I usually introduce a basic substitution scheme first, pretty much what the NOVA piece explains. I tend to approach this from the ASCII code angle rather than from the idea of arbitrary abstract symbols in order to get into some code fairly quick. So, we'll enter a string to be encoded and then add one to each character. Thus, an "a" turns into a "b", a "b" turns into a "c" and so on. For example, suppose we start with the string "cat". A simple +1 substitution would yield "dbu" (i.e., add one to the numeric value of each letter to get the replacement letter). We then move on to any arbitrary shift. This is all well and good but it is clearly limited. From here I like to introduce the concept of a look-up table to make arbitrary swaps instead of a simple offset. This also offers the opportunity to examine the efficiency of using a look-up table instead of the neophyte's "very, very long set of if-else clauses", both in terms of code size and execution speed.
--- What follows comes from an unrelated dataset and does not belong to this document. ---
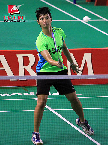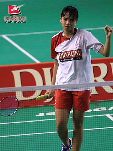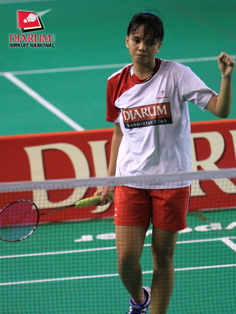 Ekspresi kepuasan Arinda Sari Sinaga dari PB Djarum ketika berhasil mencetak poin dalam pertandingan melawan Dina Rahayu dari SGS PLN Bandung. Arinda menang 21-10, 15-21, dan 21-8 atas Dina.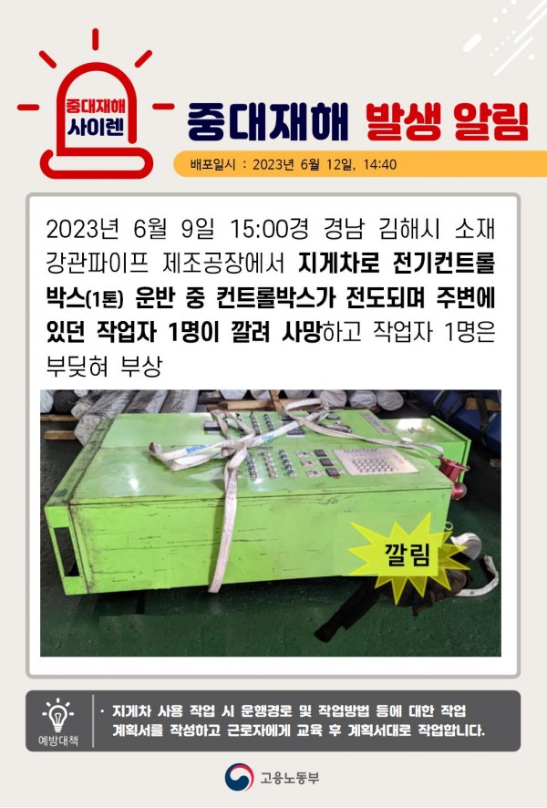 지게차 전기 컨트롤 박스 운반 중 깔림 재해. 페이지 정보 작성자 안전경영컨설팅 작성일23-08-31 16:47 조회4,279회 댓글0건 관련링크 이전글 다음글 목록 본문 . 댓글목록 등록된 댓글이 없습니다. 이전글 다음글 목록

In the simple look-up table, to get the substitution for "c", you'd go to the third item in the table because "c" is the third letter in your alphabet. That table entry could be any letter in your alphabet. The only thing to remember is that the mapping must be distinct one to one. That is, two different characters cannot map to the same encoded symbol because when you went to decode it, you wouldn't know which of the two it came from. Thus, each source character will result in a single corresponding and distinct encoded character. The look-up table is the same size as the original alphabet, it's just that its ordering is jumbled.
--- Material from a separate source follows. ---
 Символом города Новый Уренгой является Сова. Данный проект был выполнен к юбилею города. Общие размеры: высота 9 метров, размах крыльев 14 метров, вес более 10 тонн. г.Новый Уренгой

One of the weaknesses of a simple substitution is that it won't hide symbol frequency; that is, the tendency of some symbols to be used more than others. Anyone who has ever played Scrabble knows that there's a good reason why "j" and "q" have higher point values than "e" or "a". I usually end the section showing how you can create a variable substitution to help hide this. For example, the position of the letter can be used as the index into a table of offsets. Note that the table doesn't include the replacement symbols, just the numeric value used to compute the new symbol. This idea is a little more challenging. Using the "cat" example, to encode the "c", we go to the third entry in our table. There, we do not find a replacement symbol, but rather, a number. We will use this number as an offset. So, if that number is 4, our "c" turns into "g" (four characters past "c"). Note that the table entries may be randomly placed; they do not have to follow some sort of pattern. When we decode, that "g" will be in the third position, so the table tells us the original offset was four. "g" minus four yields the original "c". This technique helps to hide the symbol frequency problem because you no longer have a one to one correspondence between original and encoded symbols. Rather, the encoding is a function of both the original character and its position in the string.
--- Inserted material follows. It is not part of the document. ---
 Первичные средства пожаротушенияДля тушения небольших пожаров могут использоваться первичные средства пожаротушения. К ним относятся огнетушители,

It should be noted that if all the numbers in this look-up table were the same, you'd have a simple substitution cipher as explained originally. I also like this technique as a way of showing the usefulness of modulo math. Without it, either your table would have to be as big as your message or you'd have to do some stupid code tricks to recompute an effective index into the table once you went beyond the table size. BTW, there is nothing that says the table must be the same size as your alphabet. It could be larger or smaller.

FYI, my first year students learn Python and in their second year they learn C (not traditional C, but something that is more geared toward embedded controllers).

More like this

I usually introduce a basic substitution scheme first, pretty much what the NOVA piece explains. I tend to approach this from the ASCII code angle rather than from the idea of arbitrary abstract symbols in order to get into some code fairly quick.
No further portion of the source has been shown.